Ultra-Stretchable Anti-Freezing Hydrogel Electrolytes Cross-Linked by Liquid Metal Particle Initiators Toward Soft Energy Storage Devices

https://doi.org/10.1007/s40820-026-02126-7
Qingshi Zhang
School of Chemical Engineering, Sungkyunkwan University (SKKU), Suwon 16419, Republic of Korea
Priyanuj Bhuyan
Wearable Fluidic, Inc, Suwon 16419, Republic of Korea
Que Thi Nguyen
School of Chemical Engineering, Sungkyunkwan University (SKKU), Suwon 16419, Republic of Korea
Xia Sun
Sustainable Functional Biomaterials Laboratory, Bioproducts Institute, Department of Wood Science, Faculty of Forestry, University of British Columbia, Vancouver, BC V6T 1Z4, Canada
Kunlong Liang
School of Chemical Engineering, Sungkyunkwan University (SKKU), Suwon 16419, Republic of Korea
Mukesh Singh
School of Chemical Engineering, Sungkyunkwan University (SKKU), Suwon 16419, Republic of Korea
Subir Kumar Pati
School of Chemical Engineering, Sungkyunkwan University (SKKU), Suwon 16419, Republic of Korea
Xianglan Li
School of Chemical Engineering, Sungkyunkwan University (SKKU), Suwon 16419, Republic of Korea
Yeeshu Kumar
School of Chemical Engineering, Sungkyunkwan University (SKKU), Suwon 16419, Republic of Korea
Sungjune Park
School of Chemical Engineering, Sungkyunkwan University (SKKU), Suwon 16419, Republic of Korea

Corresponding Author: Sungjune Park

sungjunepark@skku.edu

Nano-Micro Letters, Vol. 18 (2026), Article Number: 283

Abstract

Hydrogels are appealing for electrolyte of soft energy storage devices due to their mechanical flexibility and high ionic conductivity.

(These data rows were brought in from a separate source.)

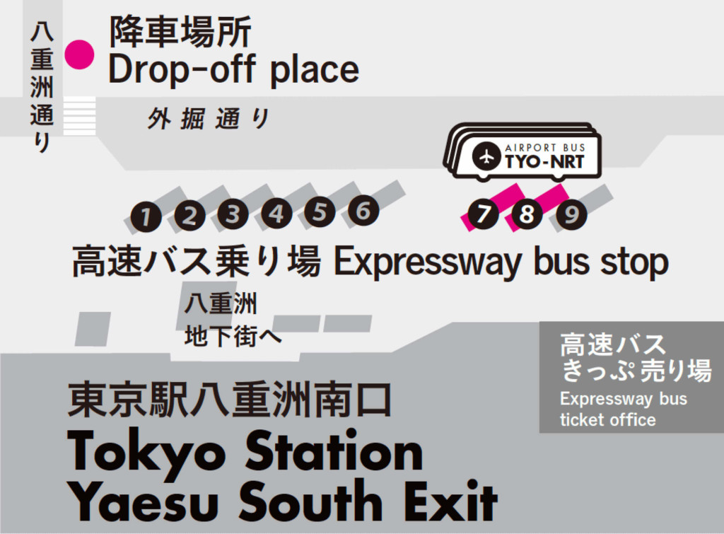 新巴士路线将会统一上下车地点,东京车站出发的巴士,必须到八重洲南口的JR高速巴士站(JR高速バス乗り场)第7、8号候车处上车,银座站始发的车次也能选择从银座站上车。机场出发的巴士,每班都会停靠八重洲中央口前八重洲通的「降车场所」让旅客下车。
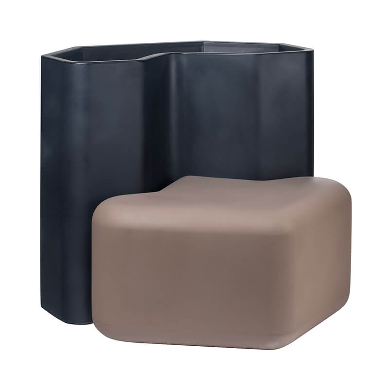 Fioriera e seduta in resina termoplastica per l’arredo urbano. Design by Maria Luisa Malpelo.
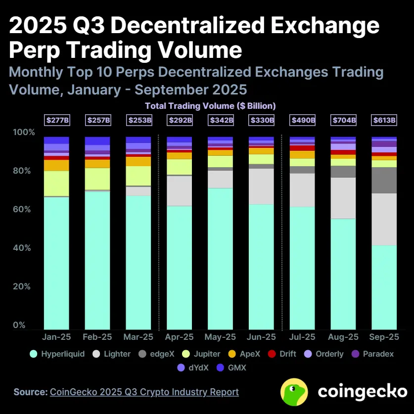 Aster、Lighter、edgeX 成为新兴挑战者,日交易量最高达 848 亿美元(Aster,9 月);
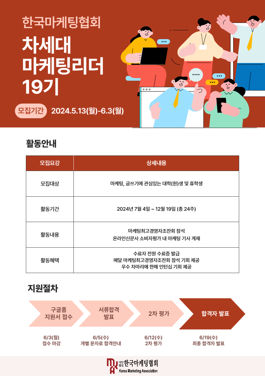 사단법인 한국마케팅협회에서 차세대마케팅리더 19기를 모집합니다.

Their polymeric networks containing large amount of water result in mechanical flexibility suitable for soft devices. However, high water content in hydrogels results in insufficient mechanical strength and freezing at sub-zero temperatures. Herein, we developed anti-freezing hydrogels with high mechanical strength by liquid metal (LM)-initiated free-radical polymerization. During the polymerization, we introduced stearyl methacrylate (SMA) to form hydrophobic associations, increasing the physical cross-linking density within the polymer network, resulting in desirable mechanical properties (elongation at break of 907% and tensile strength of 766 kPa). The hydrogel exhibiting ionic conductivity of 4.35 S m⁻1 at 25 °C after immersing in LiCl solution showed the slightly decreased ionic conductivity (3.39 S m⁻1) and almost maintained mechanical stretchability (elongation at break of 897%) after being stored at − 20 °C for 12 h. Supercapacitors consisted of the hydrogel electrolyte and activated carbon electrodes achieved a high areal capacitance (93.52 mF cm⁻2) due to rapid ionic mobility through the hydrogel electrolyte and retained 98% of its capacitance after 45,000 charge–discharge cycles due to enhanced polymeric network of electrolyte via LM particles-initiated polymerization and SMA-induced hydrophobic association.


Highlights:
1 Robust hydrogel electrolytes derived from liquid metal-initiated polymerization and increased hydrophobic association.
2 Anti-freezing hydrogels achieved by disrupting hydrogen bonds between water molecules.
3 Hydrogel electrolyte-enabled supercapacitors achieving high performance and mechanical deformability.

Keywords

Liquid metal nanoparticle initiator Anti-freezing hydrogel Wearable device Supercapacitor
Zhang, Qingshi, Priyanuj Bhuyan, Que Thi Nguyen, Xia Sun, Kunlong Liang, Mukesh Singh, Subir Kumar Pati, Xianglan Li, Yeeshu Kumar, and Sungjune Park. 2026. “Ultra-Stretchable Anti-Freezing Hydrogel Electrolytes Cross-Linked by Liquid Metal Particle Initiators Toward Soft Energy Storage Devices”. Nano-Micro Letters 18 (March):283. https://doi.org/10.1007/s40820-026-02126-7.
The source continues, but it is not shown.